* **Data shown**:
Segment Open
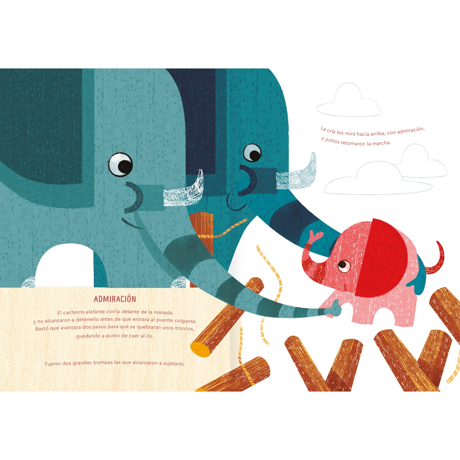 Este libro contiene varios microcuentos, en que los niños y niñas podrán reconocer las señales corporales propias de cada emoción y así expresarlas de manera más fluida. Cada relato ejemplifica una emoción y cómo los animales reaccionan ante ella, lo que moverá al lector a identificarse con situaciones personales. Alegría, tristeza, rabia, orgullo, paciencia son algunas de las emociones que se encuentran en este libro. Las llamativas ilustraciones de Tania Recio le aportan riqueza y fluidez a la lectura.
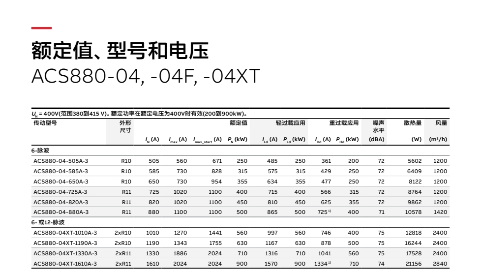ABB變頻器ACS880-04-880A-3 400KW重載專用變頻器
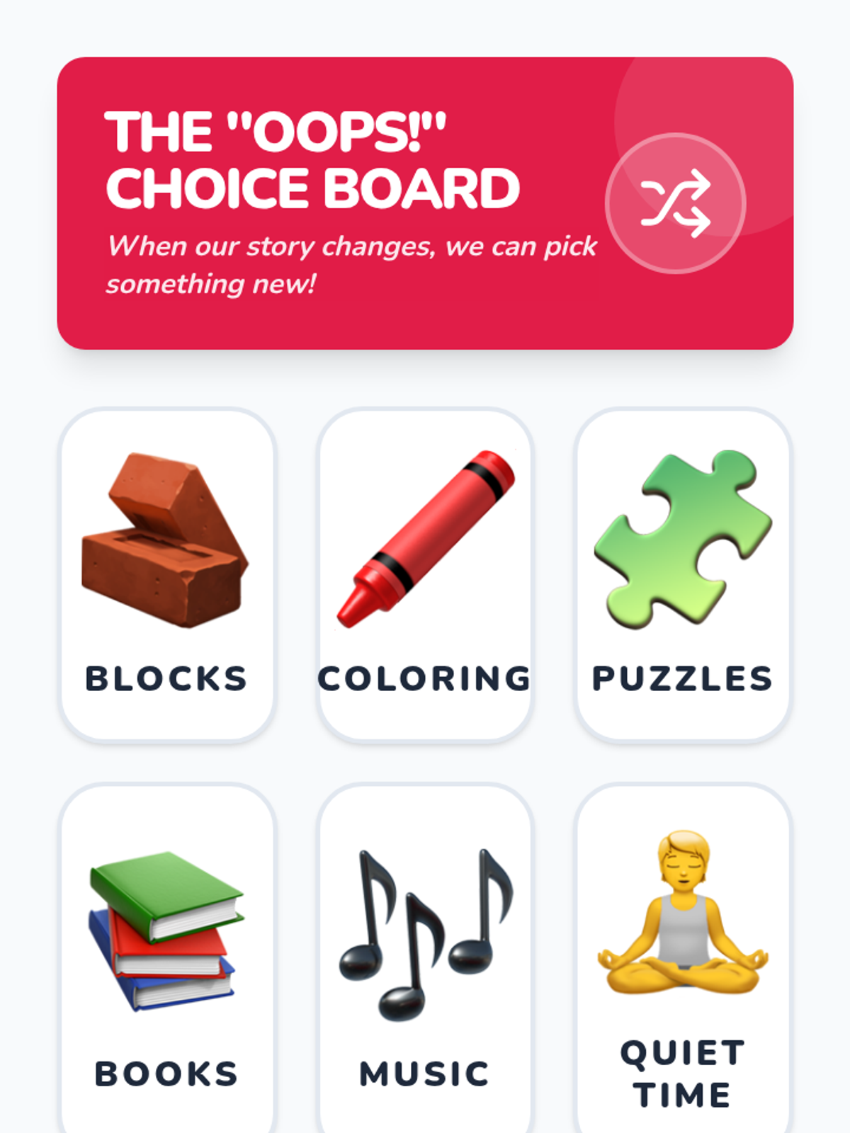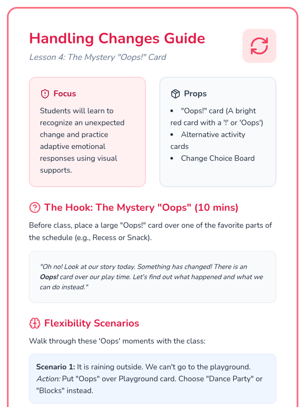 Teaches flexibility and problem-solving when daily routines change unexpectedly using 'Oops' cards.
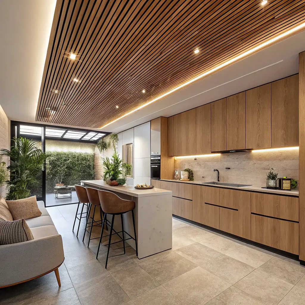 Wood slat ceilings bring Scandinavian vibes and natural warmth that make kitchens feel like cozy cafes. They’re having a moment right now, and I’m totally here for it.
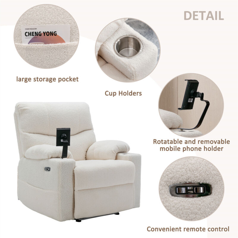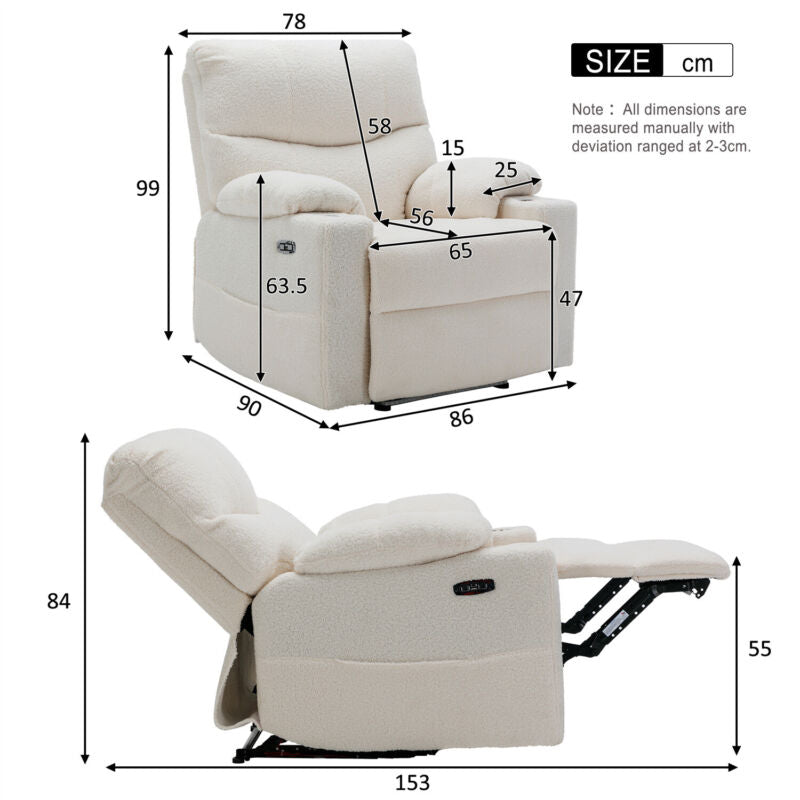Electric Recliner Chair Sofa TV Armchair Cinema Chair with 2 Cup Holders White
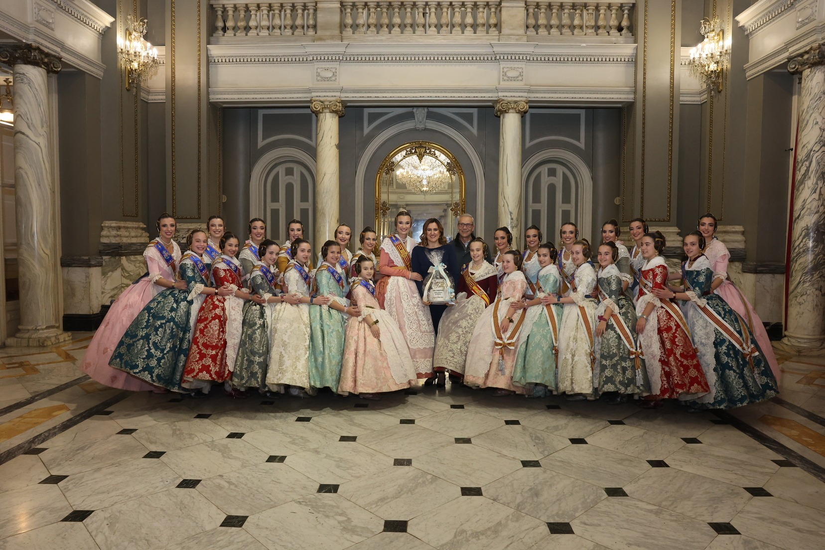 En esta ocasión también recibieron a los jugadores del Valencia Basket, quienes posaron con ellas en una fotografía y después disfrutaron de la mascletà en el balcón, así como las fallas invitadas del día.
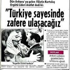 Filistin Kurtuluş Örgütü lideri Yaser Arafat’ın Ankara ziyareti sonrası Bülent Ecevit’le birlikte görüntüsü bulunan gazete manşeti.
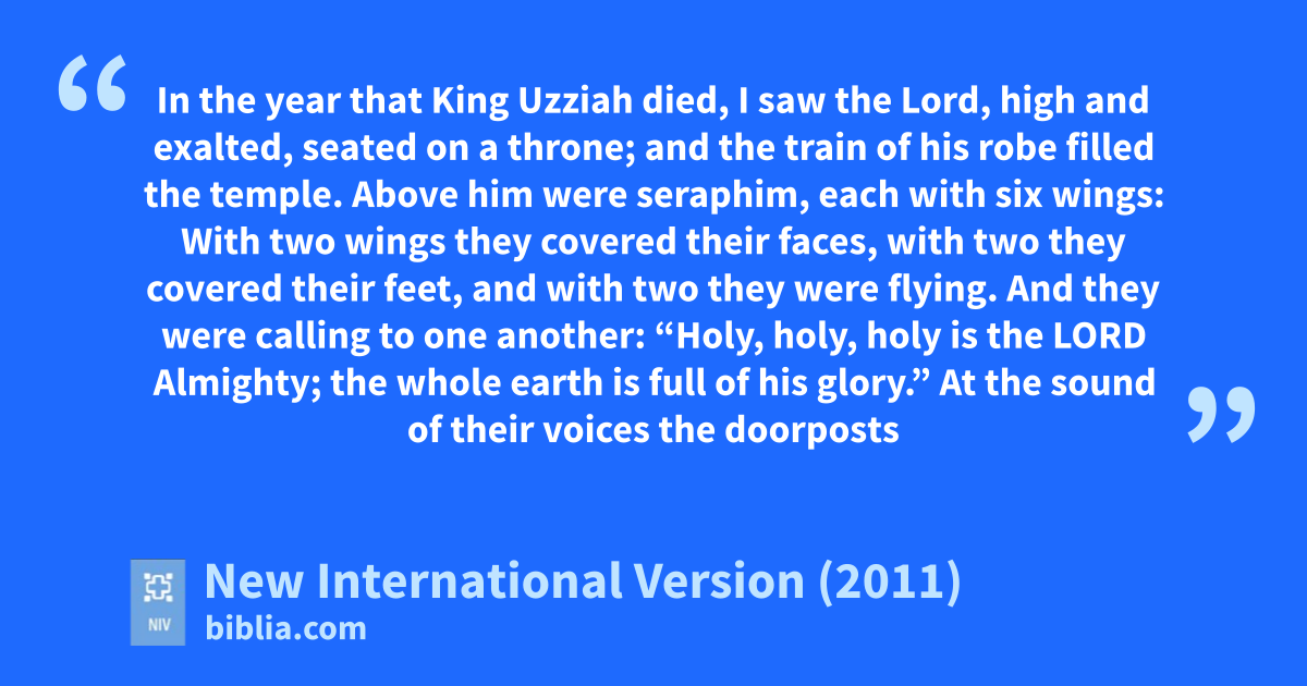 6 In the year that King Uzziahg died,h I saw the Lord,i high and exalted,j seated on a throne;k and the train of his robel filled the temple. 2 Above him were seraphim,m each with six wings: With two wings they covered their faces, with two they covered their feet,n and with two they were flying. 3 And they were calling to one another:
Segment Closed
Segment Open
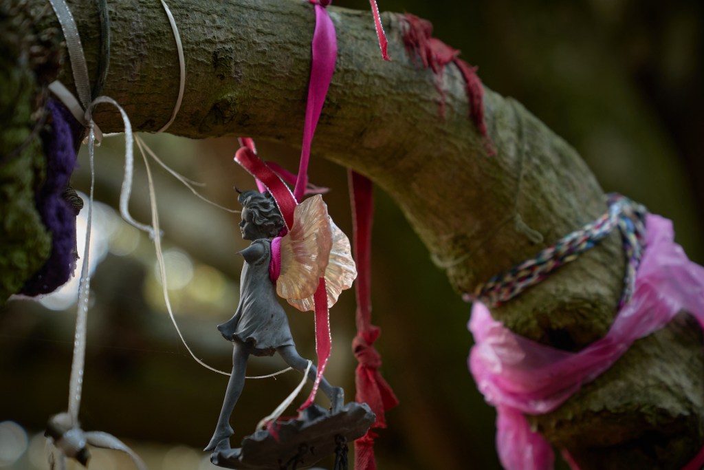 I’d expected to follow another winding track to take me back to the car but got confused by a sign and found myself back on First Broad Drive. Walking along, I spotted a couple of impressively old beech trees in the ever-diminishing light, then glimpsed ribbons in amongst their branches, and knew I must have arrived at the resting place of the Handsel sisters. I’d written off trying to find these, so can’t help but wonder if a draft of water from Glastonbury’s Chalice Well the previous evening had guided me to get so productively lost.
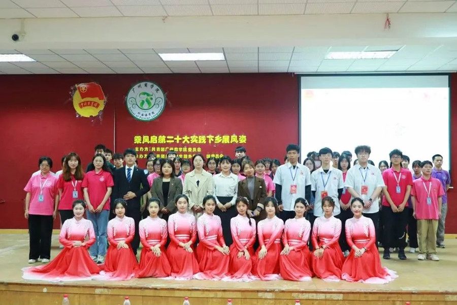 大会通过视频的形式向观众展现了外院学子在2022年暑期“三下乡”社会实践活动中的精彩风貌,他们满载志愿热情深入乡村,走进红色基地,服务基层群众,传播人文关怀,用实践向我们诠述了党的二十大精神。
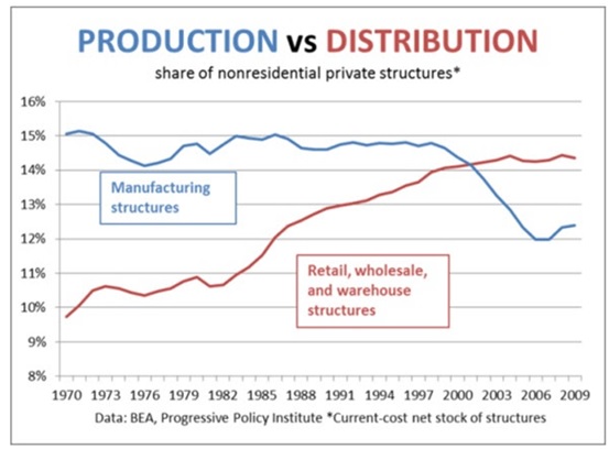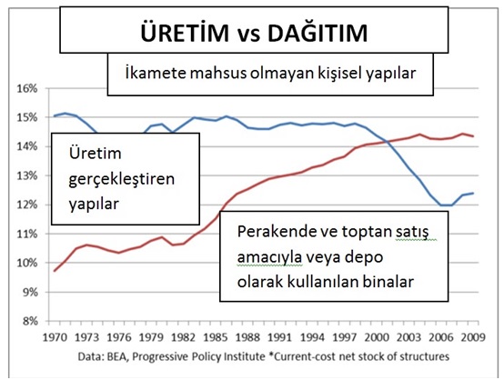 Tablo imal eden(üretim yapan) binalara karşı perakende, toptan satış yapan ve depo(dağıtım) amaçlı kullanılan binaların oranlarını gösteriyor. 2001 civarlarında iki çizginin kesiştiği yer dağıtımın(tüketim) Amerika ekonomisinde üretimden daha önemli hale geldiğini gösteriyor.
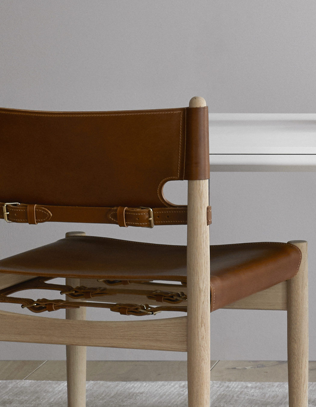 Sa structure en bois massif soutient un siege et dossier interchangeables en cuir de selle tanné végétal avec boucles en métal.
Segment Closed
Segment Open
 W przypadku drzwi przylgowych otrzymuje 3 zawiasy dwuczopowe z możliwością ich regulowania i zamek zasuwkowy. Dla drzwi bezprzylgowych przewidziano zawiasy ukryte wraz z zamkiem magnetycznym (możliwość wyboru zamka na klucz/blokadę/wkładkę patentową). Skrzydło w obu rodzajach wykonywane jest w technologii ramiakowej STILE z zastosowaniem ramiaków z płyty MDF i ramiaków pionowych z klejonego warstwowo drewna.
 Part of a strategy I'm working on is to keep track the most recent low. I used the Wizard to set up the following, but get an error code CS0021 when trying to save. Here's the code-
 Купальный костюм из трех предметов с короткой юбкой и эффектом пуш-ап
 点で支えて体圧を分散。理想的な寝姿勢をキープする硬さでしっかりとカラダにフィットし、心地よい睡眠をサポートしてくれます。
Segment Closed
Everything from the line above that contains "Este libro contiene" down to the line that contains "Wood slat ceilings" must be reproduced exactly, both ends included. Omit the pictures.

* **Written response**:
 Este libro contiene varios microcuentos, en que los niños y niñas podrán reconocer las señales corporales propias de cada emoción y así expresarlas de manera más fluida. Cada relato ejemplifica una emoción y cómo los animales reaccionan ante ella, lo que moverá al lector a identificarse con situaciones personales. Alegría, tristeza, rabia, orgullo, paciencia son algunas de las emociones que se encuentran en este libro. Las llamativas ilustraciones de Tania Recio le aportan riqueza y fluidez a la lectura.
ABB變頻器ACS880-04-880A-3 400KW重載專用變頻器
 Teaches flexibility and problem-solving when daily routines change unexpectedly using 'Oops' cards.
 Wood slat ceilings bring Scandinavian vibes and natural warmth that make kitchens feel like cozy cafes. They’re having a moment right now, and I’m totally here for it.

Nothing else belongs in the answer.